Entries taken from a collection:
-*-*-

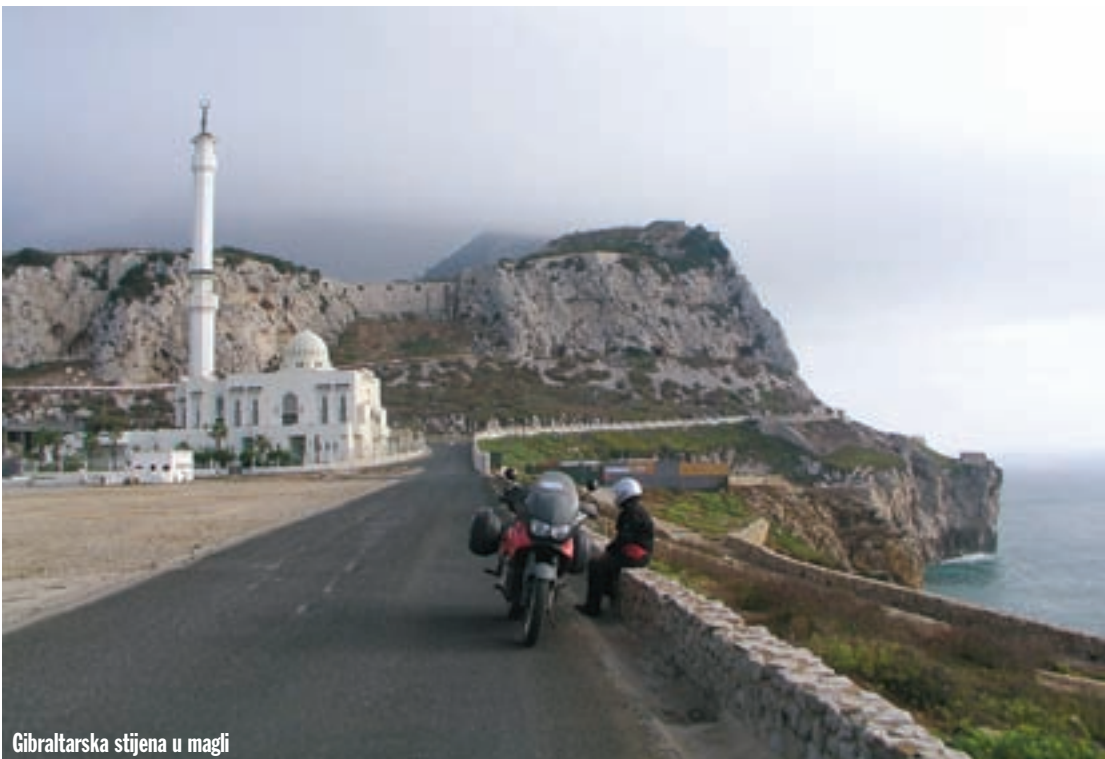
Gibraltarska stijena u magli
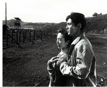
1961 LA PRIÈRE DU SOLDAT (Kanketsu-hen...) de Masaki Kobayashi avec Tatsuya Nakadai
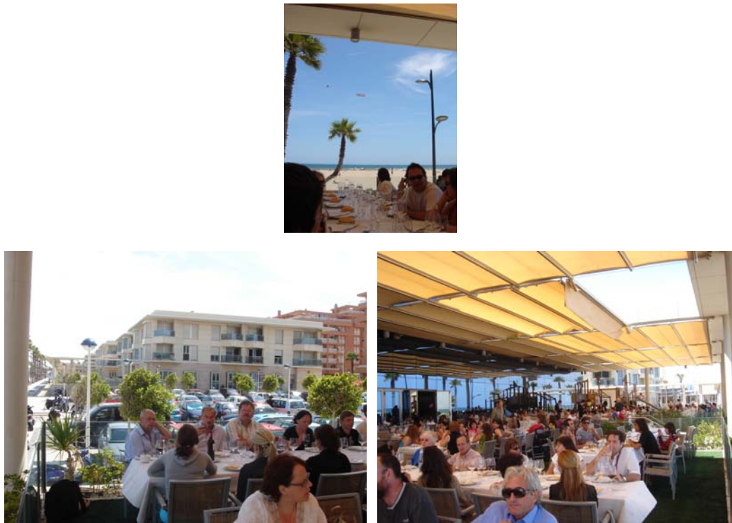
〔圖 13〕研討會閉幕餐宴

下午 1:00 左右結束參訪活動，瓦倫西亞科技大學安排於瓦倫西亞市海濱的 la Ferradura 餐廳舉行研討會閉幕餐宴。（圖 13）
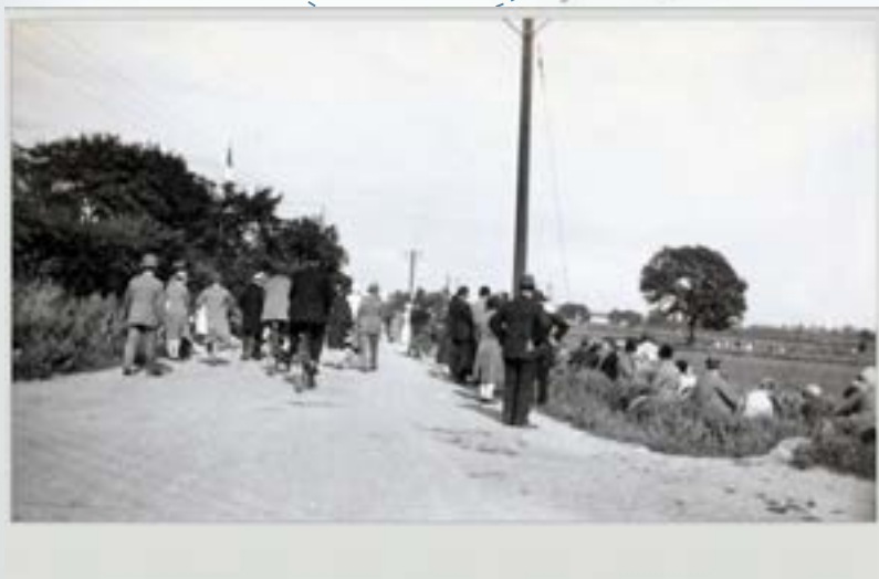
Flyvestævner blev lagt på søndage, så publikum havde tid til at tage på en udflygt for at se luftens vilde vovehalse. Her strømmer folk til på vejen Ved Diget. Fotograferet 1930.
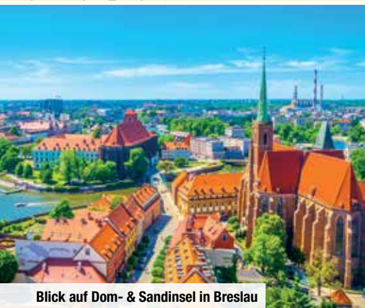
Blick auf Dom- & Sandinsel in Breslau

Nach Ihrer Stadtführung durch Krakau mit örtlichem Reiseleiter genießen Sie freie Zeit. Auf Wunsch erleben Sie das historische Krakau bei einer Bootsfahrt auf der Weichsel. Eines der Highlights ist der Wawelhügel mit dem imposanten
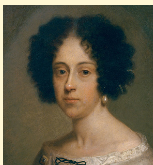
ELENA LUCREZIA CORNARO PISCOPIA (VENEZIA, 5 GIUGNO 1646 – PADOVA, 26 LUGLIO 1684)
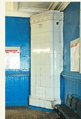
Старая кафельная печь сохранилась, но уже не топится
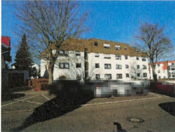
Ansicht von Südosten
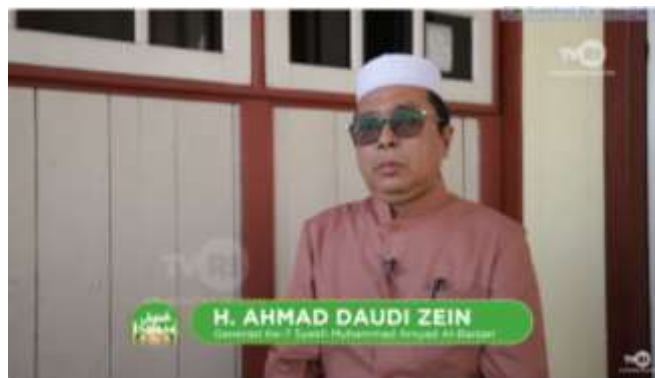
Gambar 4. 6 Cuplikan Tayangan Jejak Islam

Program Jejak Islam ini berupa Feature yang ditayangkan satu bulan sekali yaitu setiap tanggal 20 disetiap bulannya dan ditayangkan melalui TVRI Nasional pada jam 04.00 WIB dan akan di Playback pada jam 18.30 WITA pada siaran TVRI Lokal Kalimantan Selatan.
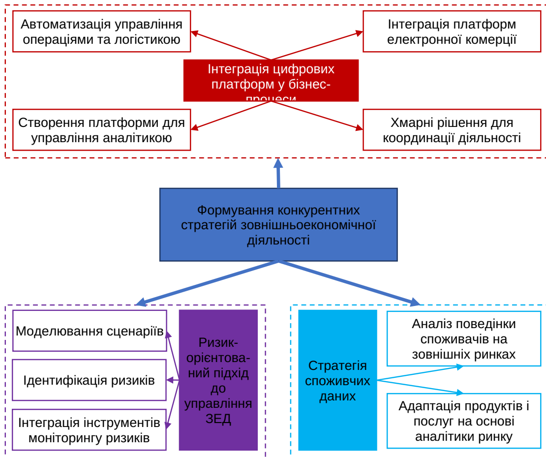
Рис. 2. Інноваційні підходи до розробки стратегій зовнішньоекономічної діяльності, спрямованих на підвищення конкурентоспроможності підприємств
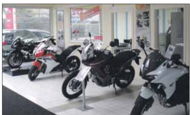
Unter anderem der Ausstellungsraum des Zweiradhauses wurde neu gestaltet.

Beim Honda-Händler „Bikeshop K&W“ in Plate wurde am vergangenen Sonnabend Saisonöffnung gefeiert. Gleichzeitig stellten die Mitarbeiter die neuen und umgestalteten Räume des Motorradhauses vor. Im Mittelpunkt standen jedoch die Zweiräder.
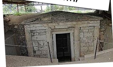
Gravplats i Verigna
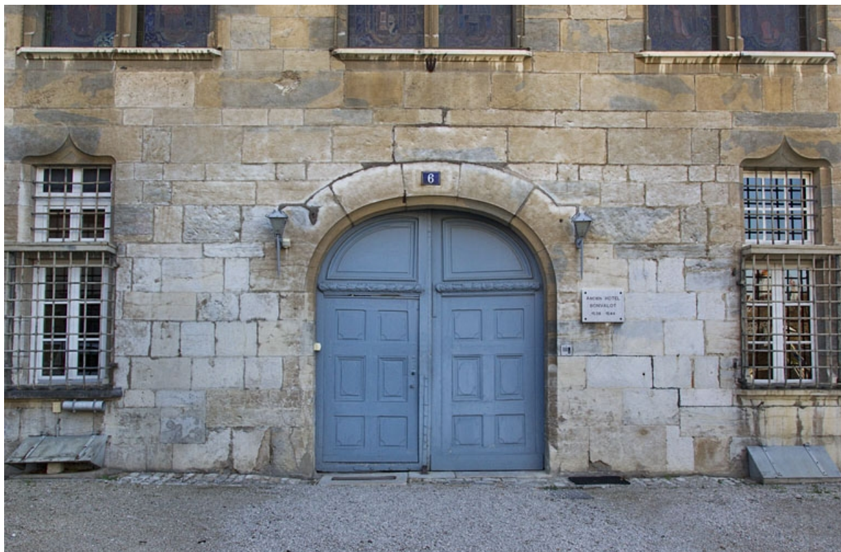
Logis principal, façade antérieure : détail du portail d'entrée.

25, Besançon, 6 rue du Palais, lieudit : îlot Cingle
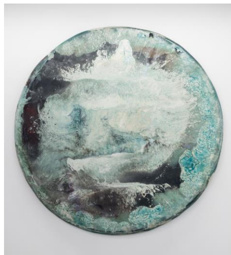
目 [mé]《アクリルガス T-1#19》 2019年、高橋龍太郎コレクション
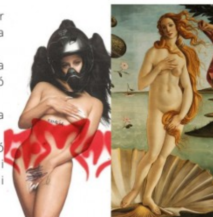
El naixement de Venus, de Botticelli
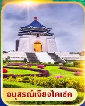
อนุสรณ์เจียงไคเชก
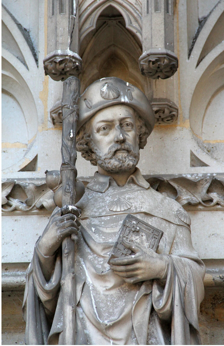
Le pèlerin

pratiquer une activité physique en plein air.
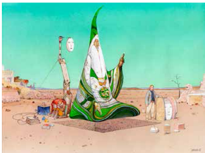
Moebius Lévitacion , 2006 digigraphie, 55 x 70 cm
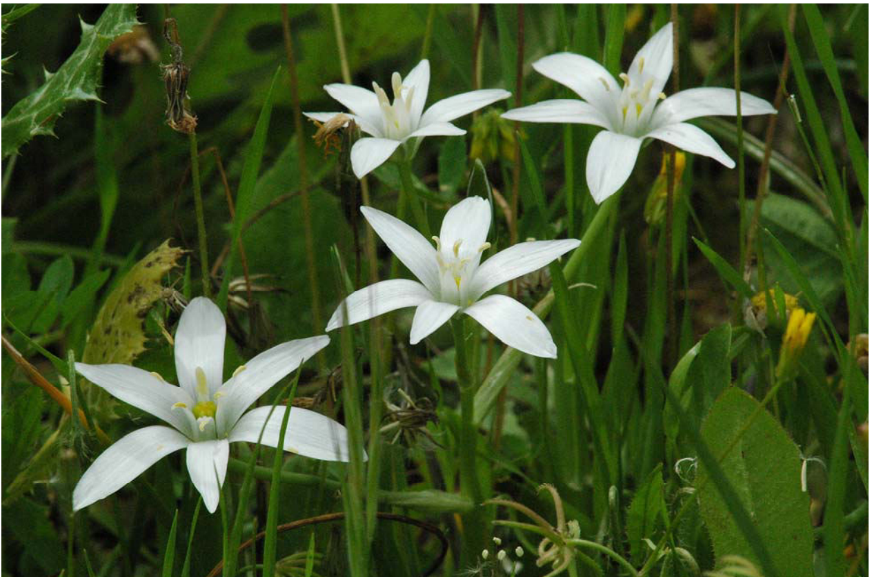
Dolden - Milchstern ( Ornithogalum umbellatum (?)) 13.4.08
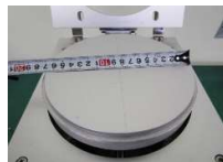
ステージφ175 リング外寸φ180
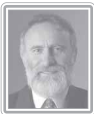
DR. ROSINHA - PT/PR

Deputado, 2º mandato, médico e servidor público. Respeitado por sua coerência política, é vinculado aos movimentos sociais. Em seus mandatos, desde o de vereador, passando por deputado estadual até deputado federal, tem priorizado a transparência na gestão pública e a defesa dos direitos sociais. Ex-dirigente sindical, teve papel destacado no combate às propostas em bases neoliberais do segundo mandato do Governo FHC. Especialista em Seguridade Social, atuou junto à bancada e ao Governo Lula para modificar a reforma da Previdência, buscando imprimir um conteúdo de justiça social, respeito a direitos adquiridos, correção de distorções e combate a privilégios. Fiel aos compromissos de campanha, divergiu das iniciativas do Governo Federal que conflitavam com as posições históricas do partido, especialmente na área social. Membro da Comissão Interparlamentar Conjunta do Mercosul, tem prestado relevantes serviços ao país em defesa do fortalecimento do bloco como alternativa à Área de Livre Comércio das Américas – Alca. Destaca-se como debatedor.
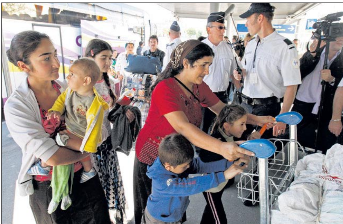
Jedni z prvních dobrovolně repatriovaných Romů.
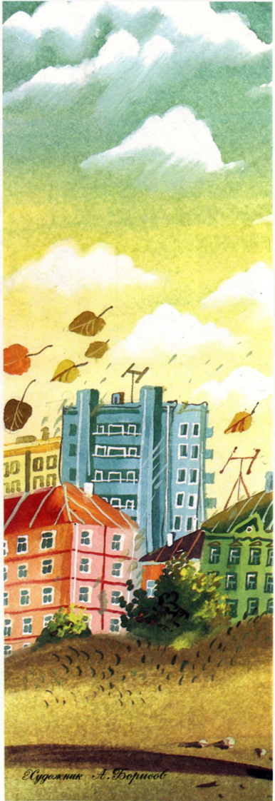
Иллюстрация А. Борисов

-*-*-

# Activity
Each record above needs to be copied exactly, with images left out.

# Problem solution
Gibraltarska stijena u magli
1961 LA PRIÈRE DU SOLDAT (Kanketsu-hen...) de Masaki Kobayashi avec Tatsuya Nakadai
〔圖 13〕研討會閉幕餐宴

下午 1:00 左右結束參訪活動，瓦倫西亞科技大學安排於瓦倫西亞市海濱的 la Ferradura 餐廳舉行研討會閉幕餐宴。（圖 13）
Flyvestævner blev lagt på søndage, så publikum havde tid til at tage på en udflygt for at se luftens vilde vovehalse. Her strømmer folk til på vejen Ved Diget. Fotograferet 1930.
Blick auf Dom- & Sandinsel in Breslau

Nach Ihrer Stadtführung durch Krakau mit örtlichem Reiseleiter genießen Sie freie Zeit. Auf Wunsch erleben Sie das historische Krakau bei einer Bootsfahrt auf der Weichsel. Eines der Highlights ist der Wawelhügel mit dem imposanten
ELENA LUCREZIA CORNARO PISCOPIA (VENEZIA, 5 GIUGNO 1646 – PADOVA, 26 LUGLIO 1684)
Старая кафельная печь сохранилась, но уже не топится
Ansicht von Südosten
Gambar 4. 6 Cuplikan Tayangan Jejak Islam

Program Jejak Islam ini berupa Feature yang ditayangkan satu bulan sekali yaitu setiap tanggal 20 disetiap bulannya dan ditayangkan melalui TVRI Nasional pada jam 04.00 WIB dan akan di Playback pada jam 18.30 WITA pada siaran TVRI Lokal Kalimantan Selatan.
Рис. 2. Інноваційні підходи до розробки стратегій зовнішньоекономічної діяльності, спрямованих на підвищення конкурентоспроможності підприємств
Unter anderem der Ausstellungsraum des Zweiradhauses wurde neu gestaltet.

Beim Honda-Händler „Bikeshop K&W“ in Plate wurde am vergangenen Sonnabend Saisonöffnung gefeiert. Gleichzeitig stellten die Mitarbeiter die neuen und umgestalteten Räume des Motorradhauses vor. Im Mittelpunkt standen jedoch die Zweiräder.
Gravplats i Verigna
Logis principal, façade antérieure : détail du portail d'entrée.

25, Besançon, 6 rue du Palais, lieudit : îlot Cingle
目 [mé]《アクリルガス T-1#19》 2019年、高橋龍太郎コレクション
El naixement de Venus, de Botticelli
อนุสรณ์เจียงไคเชก
Le pèlerin

pratiquer une activité physique en plein air.
Moebius Lévitacion , 2006 digigraphie, 55 x 70 cm
Dolden - Milchstern ( Ornithogalum umbellatum (?)) 13.4.08
ステージφ175 リング外寸φ180
DR. ROSINHA - PT/PR

Deputado, 2º mandato, médico e servidor público. Respeitado por sua coerência política, é vinculado aos movimentos sociais. Em seus mandatos, desde o de vereador, passando por deputado estadual até deputado federal, tem priorizado a transparência na gestão pública e a defesa dos direitos sociais. Ex-dirigente sindical, teve papel destacado no combate às propostas em bases neoliberais do segundo mandato do Governo FHC. Especialista em Seguridade Social, atuou junto à bancada e ao Governo Lula para modificar a reforma da Previdência, buscando imprimir um conteúdo de justiça social, respeito a direitos adquiridos, correção de distorções e combate a privilégios. Fiel aos compromissos de campanha, divergiu das iniciativas do Governo Federal que conflitavam com as posições históricas do partido, especialmente na área social. Membro da Comissão Interparlamentar Conjunta do Mercosul, tem prestado relevantes serviços ao país em defesa do fortalecimento do bloco como alternativa à Área de Livre Comércio das Américas – Alca. Destaca-se como debatedor.
Jedni z prvních dobrovolně repatriovaných Romů.
Иллюстрация А. Борисов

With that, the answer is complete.